Sitting on the cement steps that lead to the porch of the three-story Victorian era home I sprinkle the last of the crumbs from my turkey sandwich onto the sidewalk. The black ants gladly accept my peace offering after I ruined their mound when I crashed my toy car through it. I watch them. Tiny yet they seem strong. Resilient. They disappear between the cracks of the red brick walkway. Sometimes I wish I could disappear too. No one would come looking for me. I doubt anyone would even notice if I left never to return.

I’ve thought about it more times than I can count. I’m chicken shit. Stuck. Afraid to move forward and unable to go back. I have nowhere to go back to and nowhere to run to.

I glance up at the sound of car doors shutting. Social worker. She squats and whispers to a little girl as she swipes her thumbs across her cheeks. I know the drill. Been through the process plenty of times already but the girl has nothing to worry about. Mrs. Winnie is strict and ugly but keeps a clean house and serves good food. Has cable and on Saturday mornings she lets me watch cartoons. Best house I’ve been placed at so far. Place is like a mansion or something. The newest foster is older than dirt and smells like it too. Plus, she’s alone. No family. No kids. I’m told I’m lucky she took me in, and that I’ve not been put into a group home.

That’s me the lucky one.

My clothes smell nice, and my belly keeps full. Not like the last home. I stare at the round scar on my left bicep and shake the memory off.

Yeah. Lucky.

The black wrought iron gate creaks as the woman swings it open while clasping the girl’s hand tightly in her own.

“Hey, Benicio. Remember me?” Her shadow falls over me.
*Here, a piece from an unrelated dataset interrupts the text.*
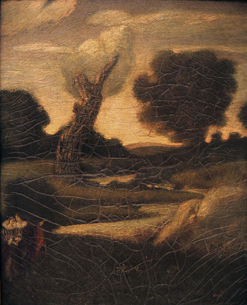 Ryder’s early work is described as Tonalist in style and commonly depicting pastoral landscapes. As he progressed in his career, Ryder’s work became more descriptive, sometimes referencing opera and literature. Ryder’s work has a dreamlike quality filled with abstracted forms applied with layers of paint that took years to dry. Many of Ryder’s paintings appear with large cracks today because he often painted into wet varnish.

I lift a shoulder. I remember her, but they’re all the same. They simply shuffle us through the system to be forgotten. None of them care about us. No one cares about us. Not our fosters. Not the families that left us behind. All we got is the promise of freedom if we live long enough to age out of the system. I got lucky, so they say, being born on the right side of the border, but my brother was sent back to Mexico to his father. My mother was in the states illegally. Working the streets while my brother was supposed to watch me. A two-year-old when he was only seven. One night she didn’t come back to the motel room we were living in. A maid who worked there found us a few days later dirty and hungry. At least that’s what they told me at the last home I was at.

I never stood a chance. Dirty. Broken. Forgotten. Unloved. Hollow. Unworthy. I’m reminded daily.
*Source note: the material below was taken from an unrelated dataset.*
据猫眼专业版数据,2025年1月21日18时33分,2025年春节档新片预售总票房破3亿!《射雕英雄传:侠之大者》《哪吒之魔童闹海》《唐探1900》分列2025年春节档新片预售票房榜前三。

No one is coming to save me. To protect me.

One day I’ll be stronger. Tougher. But I’ll always be this. A damaged kid with brown skin. My own kind don’t want me, and the white kids taunt me.
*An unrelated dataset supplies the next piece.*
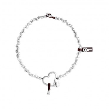 Collana donna Unode50 modello Corazonada pendente cuore bagnata in Argento della collezione Clasicos plata-cuero misura 36cm - COL0475MT

“I’ve brought you a new friend to play with. Is Mrs. Winnie around?”

“Kitchen,” I mutter and glance at the girl wrapped around her leg, dragging a black trash bag with her.

She’s practically a baby. Probably wets the bed. Probably will cry all the time too. Her nose is crusted with dried snot. Her eyes ringed with red give away that she’s been crying. The only thing pretty about her is the mole above her lips.

“Why don’t you get acquainted while I get Mrs. Winnie. Go ahead and make your introductions.” The woman pries the girl from her leg and whirls past me. The sickening floral scent of her perfume washes over me and my stomach drops. The sickness that festers in me uncurls in my belly and claws up my throat. It reminds me of her. The liar. The user. The woman who made me do things I didn’t want to. Told me I’d like it. That the better I got at it the more girls will love me. And when I didn’t do what I was told they’d burn me with their cigarettes.

The girl stands unmoving. We enter a staring contest. I gaze into her caramel-colored eyes and the darkness that lives in me recoils. The monster inside me who tells me to do bad things goes back to sleep.

I blink first and she smiles. At her expression something inside me snaps into place. Something that says she’s mine to protect. That she’s like me. Not on the outside but in. She’s dirty and broken too. I see it in her eyes. That lost look. The hollow shell.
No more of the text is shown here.